Moving to the second question, LLMs acquire impressive language capabilities in training, but does that imply it thinks like a human? In a 2022 paper, researchers compared GPT-2's notion of surprise to humans' on passages of text, that is, whether they agreed on which words or phrases in the text were probable or not.3 The language model's surprise is calculated from the probabilities it outputs while the human's surprise is measured by reading times.4 The results showed that the language model systematically underpredicted the surprise of nouns and adjectives and overpredicted the surprise of conjunctions and modals. That LLMs don't quite read the way we do is a strong sign that more research needs to be done to understand how they work.
The study of LLMs is the study of a computational dance between the predictable and surprising in both a technical and casual sense. On the one hand, an LLM's objective is only to choose likely words. Yet it appears to have learned more than expected, able to perform many tasks in many domains. Whether LLMs are creative or not is a separate question that depends on whether creativity needs something more. In the Dramatron project, playwrights and screenwriters found Chinchilla’s outputs useful as a starting point but also riddled with tropes and stereotypes as well as absurdities. Is that a fundamental issue, or can it be fixed with further iterations of the LLM paradigm?

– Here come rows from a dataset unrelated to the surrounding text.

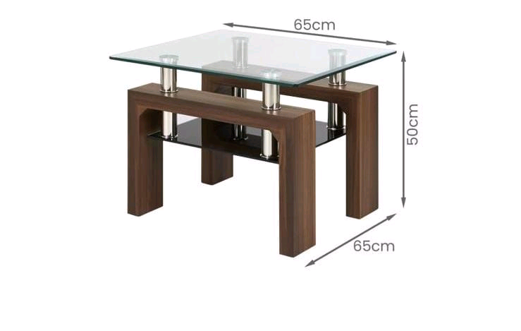 Classic wood, sleek glass and modern chrome details. Small DFS square Coffee Table.
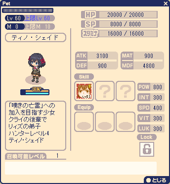 「嘆きの亡霊」のペットのみLUK+3する。
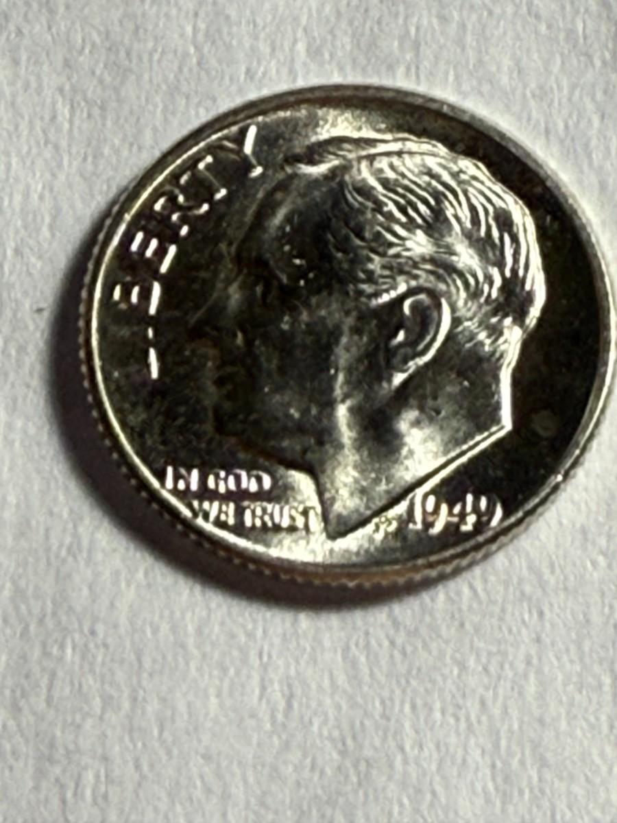 1949-D UNCIRCULATED/WHITE ROOSEVELT SILVER DIME AS PICTURED. $5 DOMESTIC SHIPPING.

Taking up the problems from Borges and Shannon, we need to sharpen our concepts, both philosophical and computational. Both our thinkers payed close attention to the words and metaphors they used in describing proto-LLMs, with Borges depicting libraries, labyrinths, and cults and Shannon fleshing out notions of entropy and surprise. Recently, Ted Chiang offered the metaphor of ChatGPT as a blur tool for the web. That’s a piercing insight but certainly not the final word on the matter. Whether LLMs persist in their current form or turn into something else, we ought to stay curious about the complexities of language, both machine and human.
Because not all truths are for all ears, not all falsehoods can be recognized as such by a pious soul; and the monks, finally, are in the scriptorium to carry out a precise task, which requires them to read certain volumes and not others, and not to pursue every foolish curiosity that seizes them, whether through weakness of intellect or through pride or diabolical prompting.
— Umberto Eco, The Name of the Rose
For the sake of simplicity, I’m using “words” rather than “tokens.”
The theory of speech acts is all about exploring this embodied aspect of language. A speech act goes beyond the descriptive or propositional capability of language and performs a social action on the listener.
I do not know if the same behavior holds for GPT-4, but the broad point made in this paragraph still holds.